--- Material for this exercise ---

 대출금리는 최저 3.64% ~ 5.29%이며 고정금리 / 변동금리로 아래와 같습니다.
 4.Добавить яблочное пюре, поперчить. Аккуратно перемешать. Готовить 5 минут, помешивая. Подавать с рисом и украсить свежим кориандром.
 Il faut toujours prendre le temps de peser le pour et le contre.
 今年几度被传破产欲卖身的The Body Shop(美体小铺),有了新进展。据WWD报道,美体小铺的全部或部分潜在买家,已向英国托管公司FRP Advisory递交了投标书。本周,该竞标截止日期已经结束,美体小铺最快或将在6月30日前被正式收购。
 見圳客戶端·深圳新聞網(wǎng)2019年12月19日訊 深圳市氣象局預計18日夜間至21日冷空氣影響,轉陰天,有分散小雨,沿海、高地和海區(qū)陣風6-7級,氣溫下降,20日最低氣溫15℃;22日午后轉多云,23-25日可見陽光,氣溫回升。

---
--- Material for this exercise ---

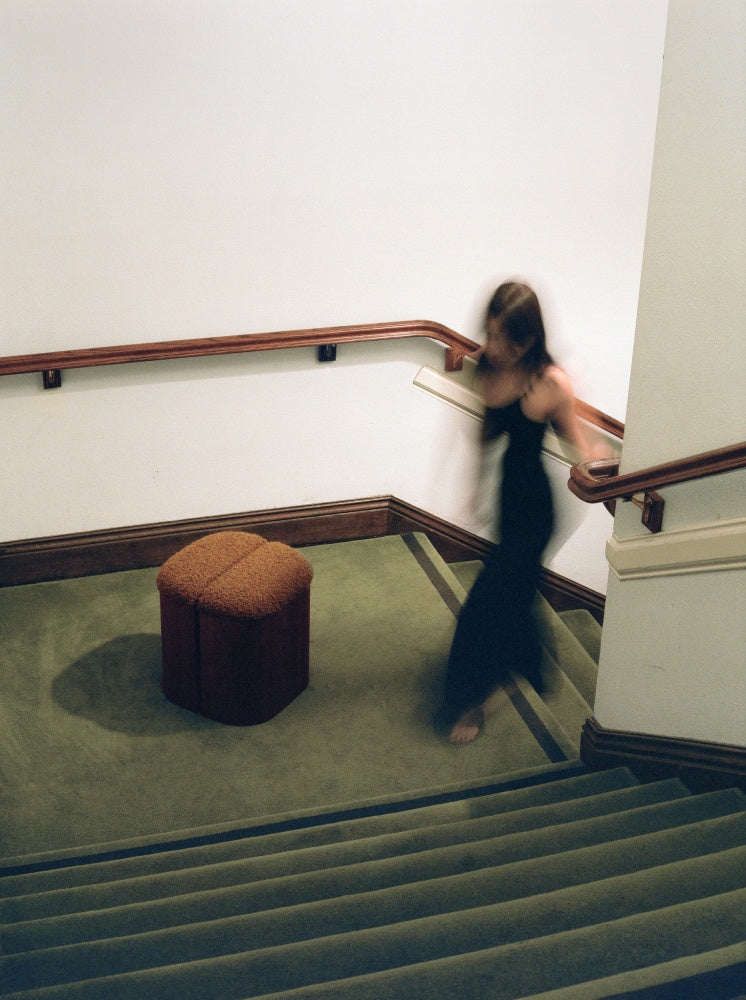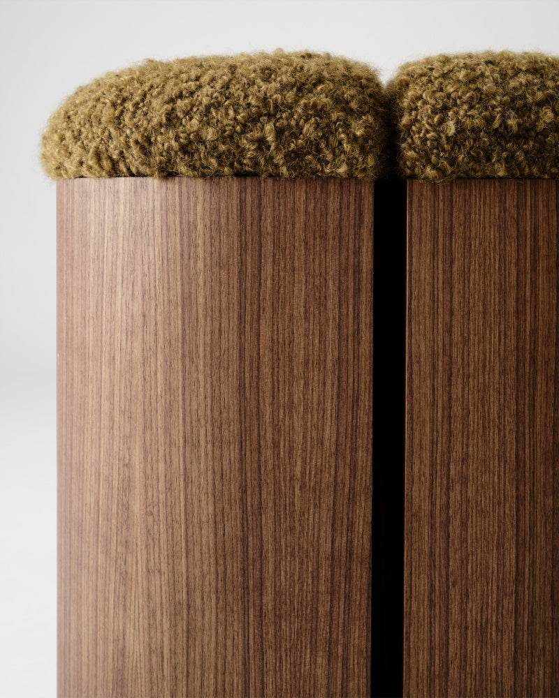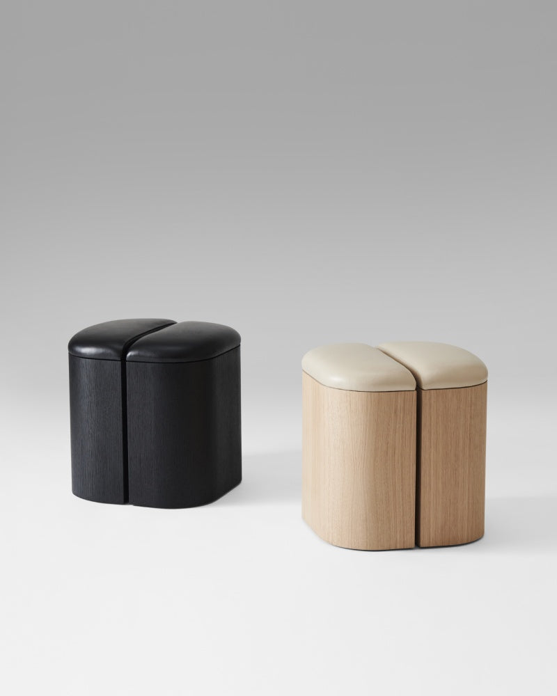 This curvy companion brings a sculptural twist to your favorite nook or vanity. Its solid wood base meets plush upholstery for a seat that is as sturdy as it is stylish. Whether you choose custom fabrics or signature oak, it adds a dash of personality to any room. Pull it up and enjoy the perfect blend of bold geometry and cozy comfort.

---

Here the job is to set down exactly the lines of the material above that fall between the one with "대출금리는 최저 3.64%" and the one with "見圳客戶端·深圳新聞網(wǎ", inclusive, and nothing beyond them.

Solution for this task ->
 대출금리는 최저 3.64% ~ 5.29%이며 고정금리 / 변동금리로 아래와 같습니다.
 4.Добавить яблочное пюре, поперчить. Аккуратно перемешать. Готовить 5 минут, помешивая. Подавать с рисом и украсить свежим кориандром.
 Il faut toujours prendre le temps de peser le pour et le contre.
 今年几度被传破产欲卖身的The Body Shop(美体小铺),有了新进展。据WWD报道,美体小铺的全部或部分潜在买家,已向英国托管公司FRP Advisory递交了投标书。本周,该竞标截止日期已经结束,美体小铺最快或将在6月30日前被正式收购。
 見圳客戶端·深圳新聞網(wǎng)2019年12月19日訊 深圳市氣象局預計18日夜間至21日冷空氣影響,轉陰天,有分散小雨,沿海、高地和海區(qū)陣風6-7級,氣溫下降,20日最低氣溫15℃;22日午后轉多云,23-25日可見陽光,氣溫回升。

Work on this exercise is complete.